In this chapter, we will follow the core idea of evolution to build machine learning algorithms. Will the code of nature escalate us to the new heaven filling with intricate designs? Will the idea referenced from natural evolution follow a specific mathematical pattern? How will those kinds of whims lead us to the Master Algorithm? Though we are initially inspired from Darwin's arguments, a variety of questions still remain open: the definitions of sex, the mortality, the fittest individual, the interaction between creatures, the nature of our algorithm, etc.. It seems that these factors may somehow contribute to the success of the derived algorithms, or even supply deeper insights to their nature.

【Important Sections】

  • Darwin's algorithm:

  • In the 1960s, Holland read Ronald Fisher's classic treatise The Genetical Theory of Natural Selection, then he elaborated the core idea and devised the Genetic Algorithm.
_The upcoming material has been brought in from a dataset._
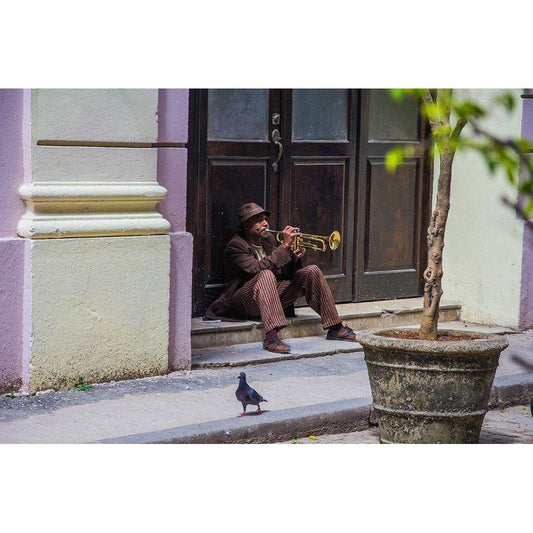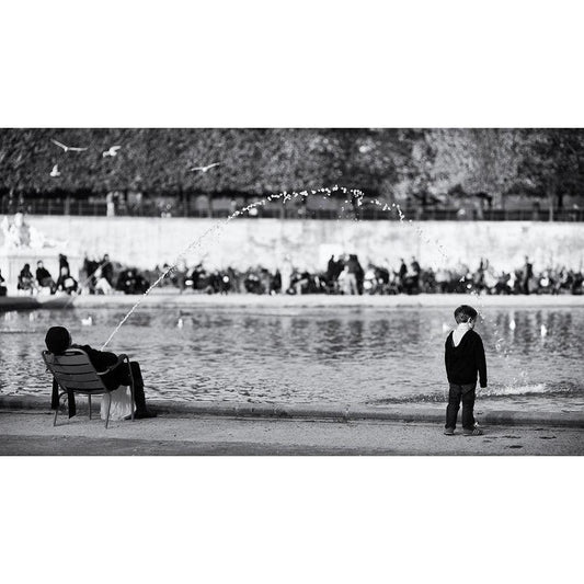 Playing For Pigeons Black Modern Wood Framed Art Print by Hatherill, Colin

This section introduces basic concepts related to the definitions of nature and computer algorithms. A concrete example, spam e-mail filter, is presented to illustrate those concepts.
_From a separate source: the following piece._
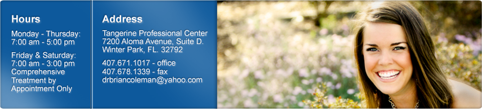 Our office is located in Winter Park, FL. We are a participating provider in nearly all PPO dental insurance companies, which means that we not only file your insurance as a courtesy, you will also receive the best treatment at the lowest possible fees.

  • The exploration-exploitation dilemma:

  • This section compares exploration with exploitation. Each behavior has its own advantage and drawback over the other. A genetic algorithm following the exploration pattern is like a bunch of treasure hunters who try to find as much as they can get, even though they might be dead at some points. At last, the hunter who owns the most valuable treasures wins. But is exploration better than exploitation(e.g. the backprop algorithm)?
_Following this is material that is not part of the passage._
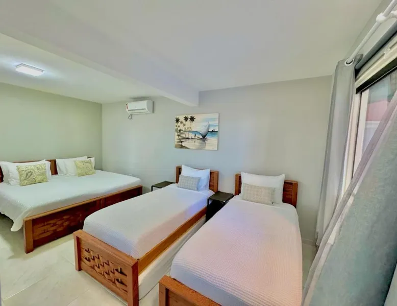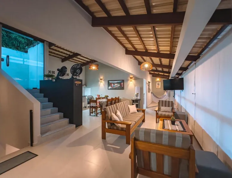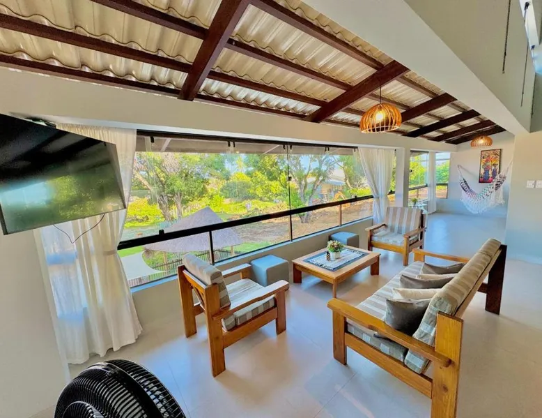 Spacious Holiday Home in Maragogi: Casa Maravida offers a spacious, recently renovated holiday home in Maragogi, Brazil. Guests enjoy sea views, a swimming pool with a view, sun terrace, and a lush garden. Modern Amenities: The property features free WiFi, air-conditioning, a fully equipped kitchen, and a private check-in and check-out service. Additional facilities include an outdoor fireplace, shared kitchen, laundry service, and barbecue facilities. Prime Location: Located less than 0.6 mi from Peroba Beach and 70 mi from Recife International Airport, Casa Maravida provides easy access to local attractions. Nearby points of interest include Gales Natural Pools (6.2 mi) and Saltinho Biological Reserve (17 mi). Highly Rated by Guests: Guests appreciate the spaciousness, modern amenities, and excellent service, ensuring a comfortable and memorable stay. This holiday home's special feature is the pool with a view. Featuring a private entrance, this air-conditioned holiday home consists of 1 living room, 3 separate bedrooms and 4 bathrooms with a walk-in shower and a bath. Guests will find a stovetop, a refrigerator, kitchenware and an oven in the kitchen. The holiday home also offers a barbecue. The spacious holiday home provides a flat-screen TV with satellite channels, a washing machine, a tea and coffee maker, a seating area as well as sea views. The unit offers 7 beds.

  • Survival of the fittest programs

  • How to define the evolution becomes the core part of an algorithm. We should design an algorithm that can learn and switch complex representations in each iteration instead of manipulating simple binary strings. However, the challenge is to assemble the right structure of behaviors with proper parameters. As long as we make it, we shall believe that this algorithm can learn from any program, which leads to the Master Algorithm.

  • What is sex for

  • The role of sex in evolution is still a notable mystery. It is believed that sex is to maintain and increase the diversity in the population, but this argument is inconclusive. It is also believed that sex optimizes the mixability, rendering the whole population more robust in evolution. However, this approach turns out to be less effective than gradient optimization in machine learning. Thus, sex may not come to success in machine learning.

  • Nurturing nature

  • Our algorithms, models, and structures are exactly the 'nature' in the computation. To fully enhance those models, data undoubtedly plays an indispensable role. Nature evolves for the nurture it gets. That is how data nourishes the 'nature'. But in the real world, it is often that nature sets first, then nurture follows. The key is figuring out how to combine these two.

  • He who learns fastest wins

  • In the real world, it takes decades for the genes, which only contain little variation, to be passed from one generation to the next. It is too slow to learn for a computer. Even with the power of fast computation, how to expedite this time-taking process would still remain as a long-lasting problem.

【Key Concepts】

  • Genetic programming

  • Evolutionary computation

  • The Baldwin effect

【Quiz】

  1. Name and describe some main features of genetic algorithms.

  2. How does the spam filter work?

  3. What are the advantages and disadvantages of genetic algorithm?

  4. What is the Baldwin effect? How does it relate to machine learning?